Let's say a price is given by a Wiener process (random walk); innovation (individual moves of a stochastic variable) reveals about ~ log σ + c bits (log base 2) of information where σ is the standard deviation of the Gaussian (normal) distribution and c ~ 2 bits is a constant. Let's say prices are updated every minute during during normal working hours over the course of a year. That would be ~ 120000 (log σ + c) bits of information (if σ = 1, this is 246,000 bits or 31 kB of data).
How much channel capacity does Sims find we humans devote to following, say, interest rates if we're assumed to be rationally adjusting to changes? Twenty-four bits over the course of a year. Effectively two coin flips a month (an audience member couches this as yes/no, up/down). That is a large amount of information loss!
Let me now draw a picture combining Sims results with  above.

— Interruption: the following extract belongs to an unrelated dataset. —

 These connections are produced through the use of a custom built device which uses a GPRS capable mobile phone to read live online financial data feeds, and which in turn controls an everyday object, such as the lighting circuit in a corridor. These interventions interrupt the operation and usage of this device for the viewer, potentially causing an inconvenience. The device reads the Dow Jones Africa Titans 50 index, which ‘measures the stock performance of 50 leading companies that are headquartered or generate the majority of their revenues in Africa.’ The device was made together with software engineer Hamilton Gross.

On the left side, we have the impossibility of compressing the complex multidimensional system of the bond market (including macro conditions, central bank actions, and expectations) into a single number drawn from a one-dimensional distribution. That is the information aggregation problem. Sims work shows that on the right side, agents only respond rationally to a few bits of that single-dimensional distribution per month -- itself already a massive simplification of the real world. That is the "rational inattention" problem.

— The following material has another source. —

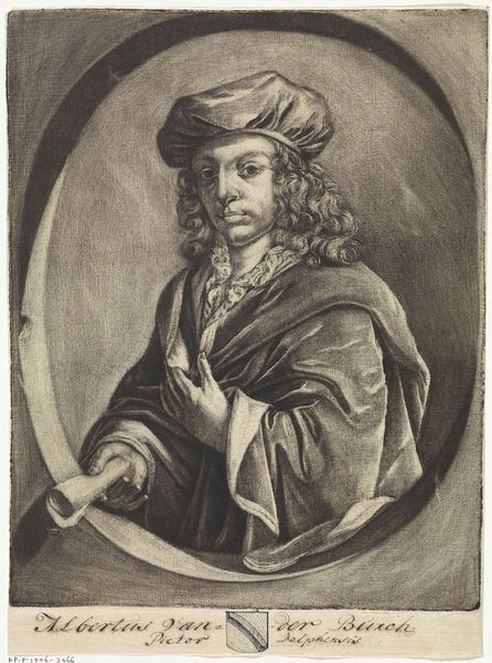 Curator: This plate by Wallerant Vaillant depicts Caspar Netscher, the celebrated painter. There's a quiet confidence radiating from him. Editor: Yes, and look at the sheen on that fabric! The printing process must have been demanding to capture it so realistically. Curator: Absolutely, the luminosity elevates Netscher to an almost archetypal representation of the artist. Palette and brushes in hand, he embodies creativity itself. Editor: But it’s also a carefully constructed image of status. The clothing, the pose – it’s all about presenting artistry as a respectable profession, a kind of brand identity. Curator: Perhaps, but I see a deeper aspiration. He gazes out, inviting us to understand the soul behind the art, its endless search. Editor: Maybe... but also, this print was a commodity, destined for circulation, shaping and selling an idea of the artist to a wider public. Curator: You bring a grounding perspective. It seems we both see reflections here, though through different lenses. Editor: Indeed. A print like this provides a fascinating window into understanding artistry as labor and the construction of artistic fame.

One solution to this is that agents get their information from other places: models of how the economy works, research on fundamentals, or gut feelings. However this means the price is just a small part of the market information aggregation and dissemination process.
Another solution -- one that I have proposed in  above -- is that this way of looking at the price mechanism is incorrect. Prices aren't part of the information channel; they just measure information flowing through it. Humans aren't rational economic agents; they're complex explorers of the economic state space. The distributions of agents' economic actions match up with the distribution of changes in the economy** -- the distributions are in information equilibrium. Here is the picture:
Now it might not be that humans are totally random. Maybe just the majority of bits of information can be treated as random actions (algorithmic randomness) with respect to price changes. As Sims shows, agents respond to a few bits of price information as rational economic agents. But those few bits might well be the problem. If agents respond rationally to a price signal, many agents will respond in the same way. Sims' "few bits" represent correlated information among agents. And correlated actions of agents (e.g. panic in a financial crisis) and the resulting entropy loss may be what is behind recessions.
In a way, I think Sims' work is a measurement of how good an approximation information equilibrium is.
** I hope this is obvious. All changes in the economy are the aggregation of economic changes (actions, decisions) made by agents.